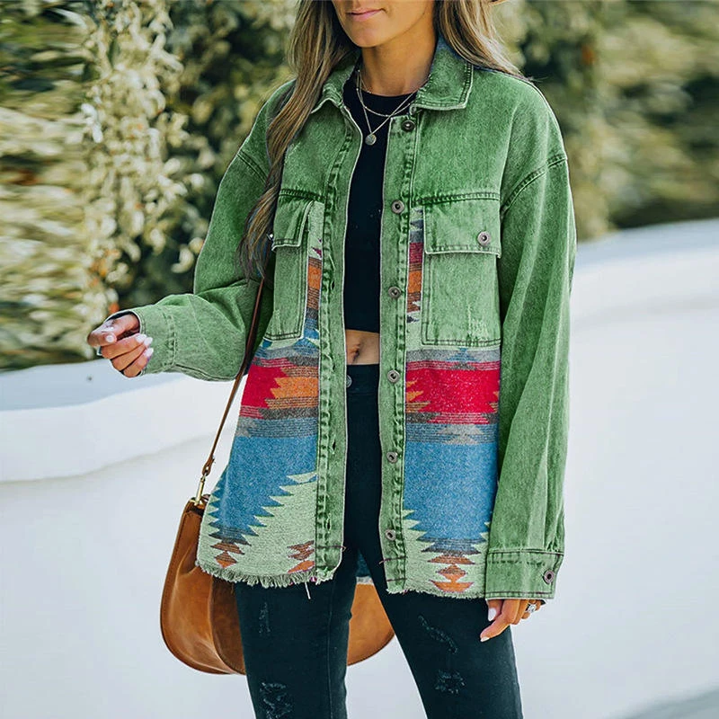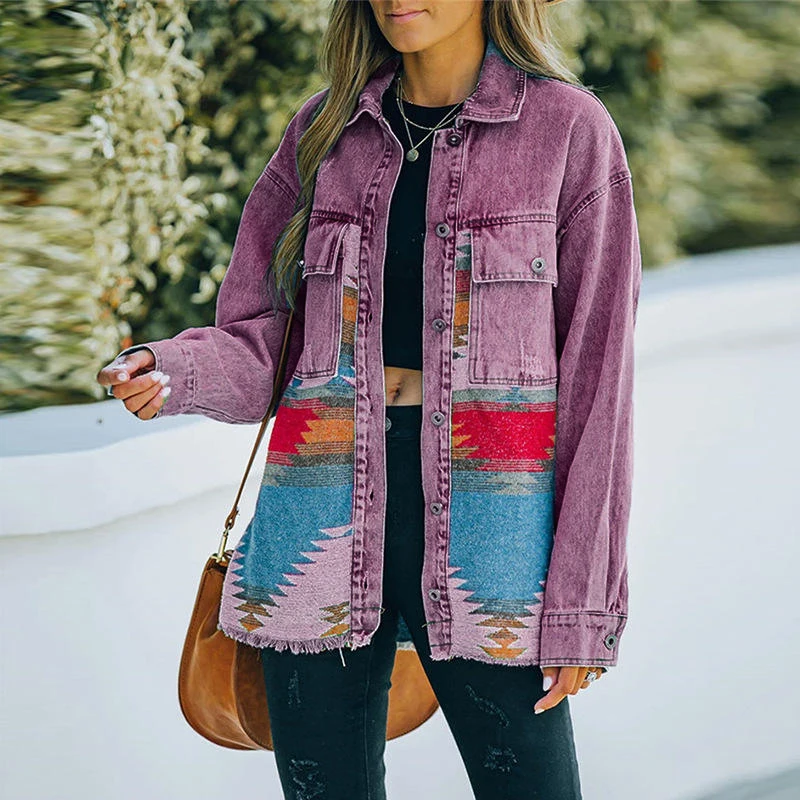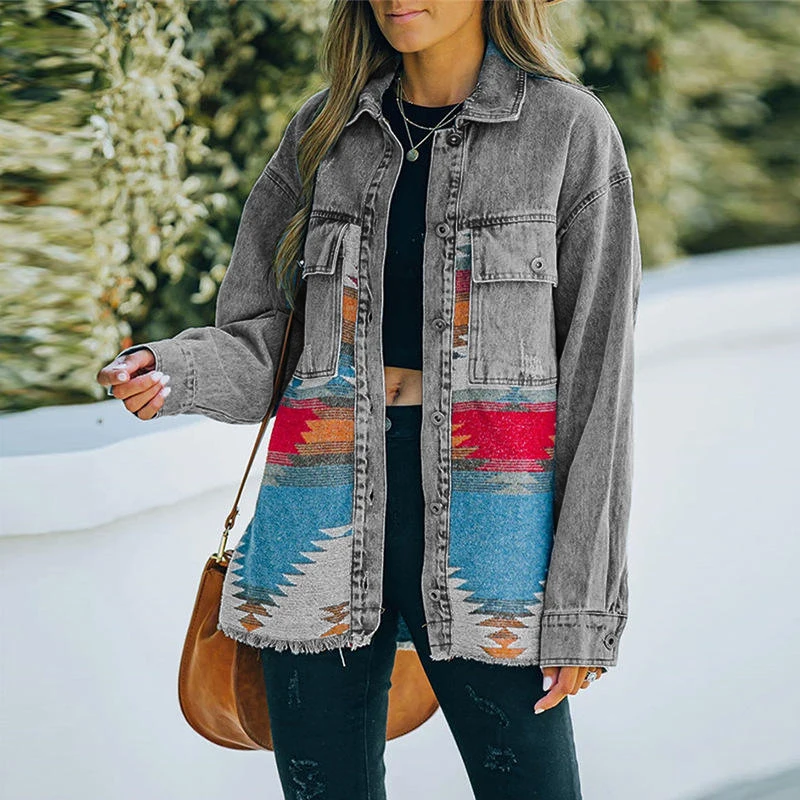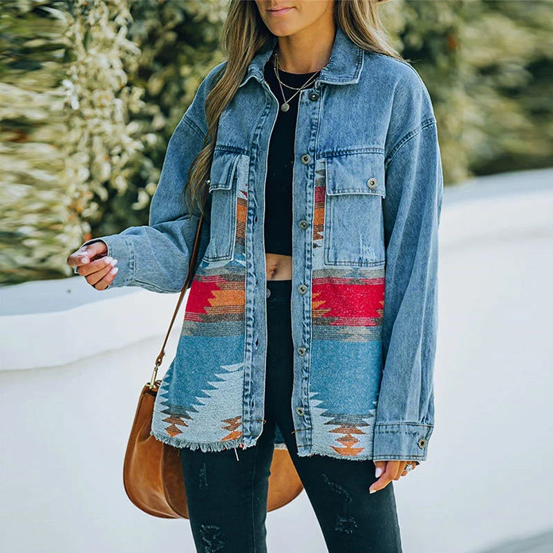 Western Custom Long Sleeve Loose Shacket Boho Outerwear Vintage Denim Aztec Jacket for Women
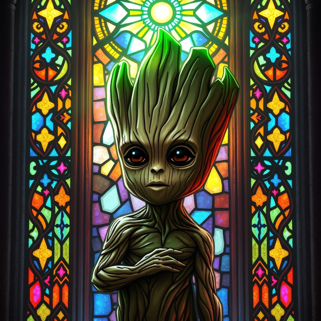 Intricate stained glass window depicting baby Groot, featuring vibrant colors and a glowing aura. The design is reminiscent of Gothic cathedral style, with a radiant backlit effect. The piece is highly detailed, merging elements of religious art with a fantastical twist, echoing the artistic styles of Clive Barker, H.R. Giger, and Brom. This trending concept art on Artstation showcases a digital painting that balances whimsical charm with a sense of mysterious reverence.
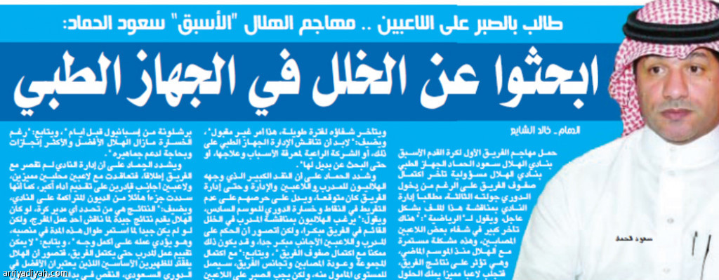 وشدد الحماد على أن النقد الكبير الذي وجهه الهلاليون للمدرب واللاعبين والإدارة وحتى إدارة الفريق كان متوقعاً، ويدل على حرصهم على عدم التفريط في النقاط وخسارة الدوري للموسم السادس، ويقول:"يرغب الهلاليون بمناقشة المدرب في الخلل القائم في الفريق مبكرا، ولكن أتصور أن الحكم على المدرب واللاعبين الأجانب مبكر جداً، وقد يكون ذلك ممكناً مع اكتمال صفوف الفريق"، ويتابع:"مع اكتمال المجموعة وعودة المصابين وتجانس الفريق، سيصل للمستوى المأمول منه، ولكن يجب الصبر على اللاعبين وعدم الاستعجال في النقد، فالهلال خسر مثلما خسر برشلونة من إسبانيول قبل أيام"، ويتابع:"رغم الخسارة مازال الهلال الأفضل والأكثر إنجازات وبحاجة لدعم جماهيره".

### What needs to be done:
Return an exact copy of the data above, apart from any pictures.

### Solved exercise:
 Western Custom Long Sleeve Loose Shacket Boho Outerwear Vintage Denim Aztec Jacket for Women
 Intricate stained glass window depicting baby Groot, featuring vibrant colors and a glowing aura. The design is reminiscent of Gothic cathedral style, with a radiant backlit effect. The piece is highly detailed, merging elements of religious art with a fantastical twist, echoing the artistic styles of Clive Barker, H.R. Giger, and Brom. This trending concept art on Artstation showcases a digital painting that balances whimsical charm with a sense of mysterious reverence.
 وشدد الحماد على أن النقد الكبير الذي وجهه الهلاليون للمدرب واللاعبين والإدارة وحتى إدارة الفريق كان متوقعاً، ويدل على حرصهم على عدم التفريط في النقاط وخسارة الدوري للموسم السادس، ويقول:"يرغب الهلاليون بمناقشة المدرب في الخلل القائم في الفريق مبكرا، ولكن أتصور أن الحكم على المدرب واللاعبين الأجانب مبكر جداً، وقد يكون ذلك ممكناً مع اكتمال صفوف الفريق"، ويتابع:"مع اكتمال المجموعة وعودة المصابين وتجانس الفريق، سيصل للمستوى المأمول منه، ولكن يجب الصبر على اللاعبين وعدم الاستعجال في النقد، فالهلال خسر مثلما خسر برشلونة من إسبانيول قبل أيام"، ويتابع:"رغم الخسارة مازال الهلال الأفضل والأكثر إنجازات وبحاجة لدعم جماهيره".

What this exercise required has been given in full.